• Regional disparities in economic development are one of the common features found in all over the world today. Regional disparity denotes regional imbalances or regional dualism or growth differentiation.
  • Regional Disparities refer to differences in economic development and uneven economic achievement in different geographical regions.
  • The coexistence of relatively developed and economically depressed states and even regions within each state is known as a regional imbalance.
  • Many countries are characterized by significant regional disparities in economic performance and living standards, as reflected in income, education, or health outcomes.
  • These regional disparities raise equity concerns: they contribute to overall within-country inequality, and they are linked to inequality of opportunity, as measured by, say, intergenerational mobility Regional disparities may also have harmful implications for economic efficiency, as limited opportunities for those stuck in the wrong place lead to the underutilization of potential and constrain overall growth. 
  • More broadly, regional disparities, including urban-rural differences, can fuel social tensions and pathologies, increase populism and resentment towards urban elites, threaten countries’ social fabric and national cohesion, and in extreme cases lead to conflict, particularly where the disparities reinforce existing ethnic, racial, linguistic, or religious divisions.
  • Regional disparities in the development of regions of a country may slow the growth of the entire national economy.
  • The development process nowadays generally concentrate around the few main territories of a nation and others do not receive the benefits of such development due to factors like market imperfection, geographical constraints, false government policies, lack of law and order and other social, political and economic reasons.
  • Determination of such disparities is required for the creation of proper economic policies, needed to take actions against factors hindering economic growth.
  • Even the richest country in the world- the USA has the problem of imbalanced regional development and many small countries (such as Italy & France) and socialist countries (such as Russia and China) are also facing this problem. Different regions of a country grow at very unequal rates, resulting inter-regional and intra-regional disparities which in turn give socio-economic problems.
  • In India, regional disparities exist from the British time period. The British rulers, as well as industrialists, started to develop only those embarked regions of the country which were potentially suitable for prosperous manufacturing and trading activities and served their interests.
  • The British industrialist preferred to concentrate their activities mostly on metropolitan cities like Calcutta, Bombay, and Chennai, etc. as compared to the other cities of the country.
  • The uneven pattern of investment in industries as well as in economic overhead like transportation and communication facilities, irrigation, and power made by the British has resulted in regional disparities in India.
  • Disparities in economic and social development across the regions and intra-regional disparities among different segments of the society have been the major plank for adopting planning in India since independence.
  • During the first three decades of planning, the government gave much stress to establishing heavy industries in backward regions but this problem remained unabated. The accelerated economic growth since the 1980s appears to have aggravated regional disparities.
  • The ongoing economic reform since 1991 with stabilization and deregulation policies as their central pieces seems to have further widened the regional disparities because the benefits of economic growth after economic reforms were not distributed equally among the states.
  • From many studies, it is clear that the development of any region depends upon natural resources, human resources, etc. But in spite of the availability of such kinds of resources, many regions remained still backward like Orissa, Bihar, and Jharkhand, etc.
  • Thus in India, the process of development has not been determined by the availability of these resources alone; political and social factors are also important for the development.

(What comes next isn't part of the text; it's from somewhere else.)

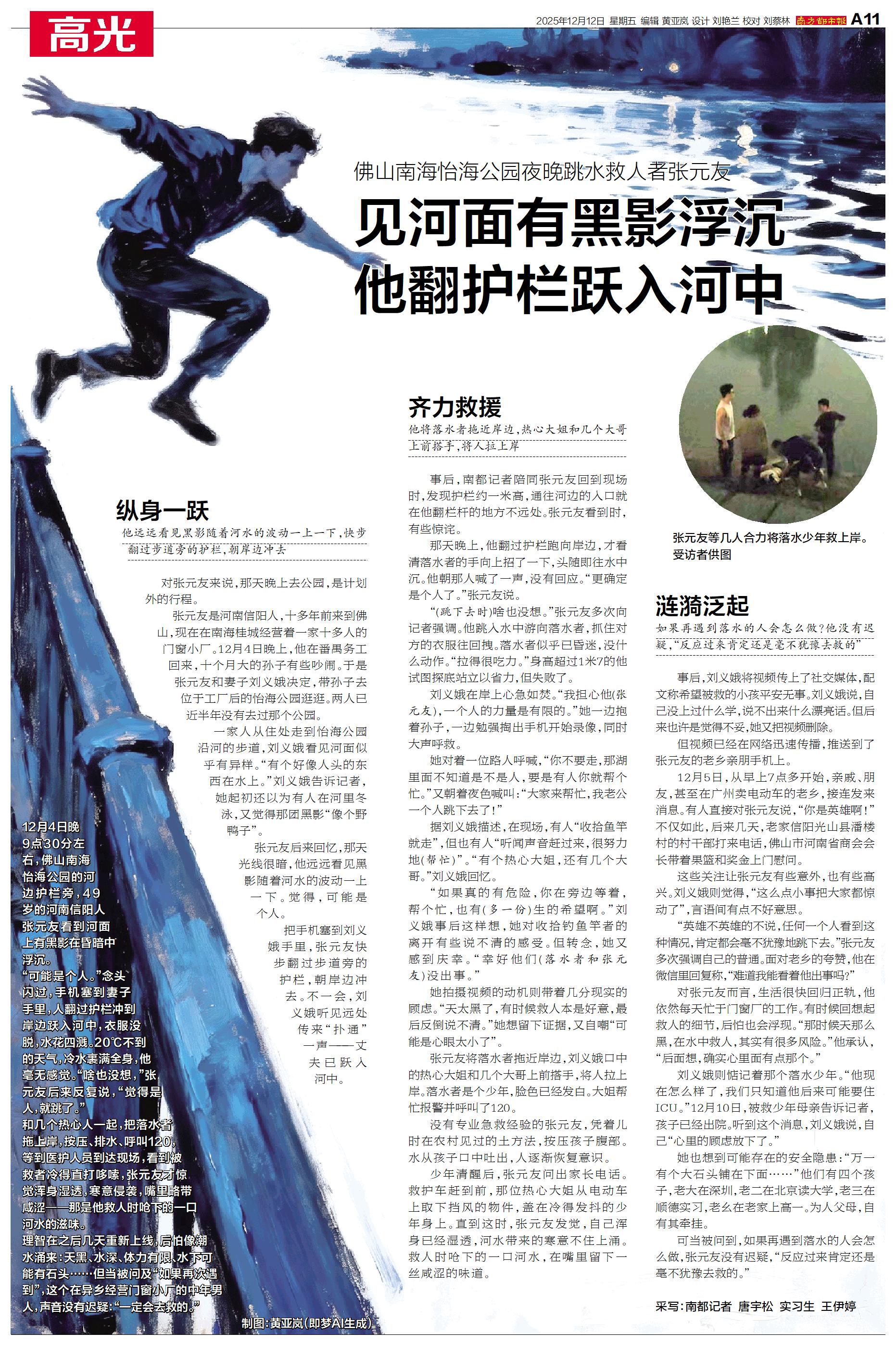 12月4日晚9点30分左右,佛山南海怡海公园的河边护栏旁,49岁的河南信阳人张元友看到河面上有黑影在昏暗中浮沉。

Need for Balanced Regional Development

  • Within democratic polity, growth and prosperity must exhibit regional balance. Thus a democratic government striving to achieve such balance is axiomatic.
  • India is subdivided into 29 states differing in terms of their productive potential and the type of industry they can support. The realization of their potential holds the key to increasing the competitiveness of the nation as a whole.
  • Regional disparity in development causes challenges like violent conflicts, unplanned and haphazard migration e.g. Insurgency in North-east and Left wing extremism in large parts of central and eastern states of India.
  • The sustainability of the growth rate and the goal of the country to achieve its development target will be difficult to meet unless India develops as an integrated whole of regional competency.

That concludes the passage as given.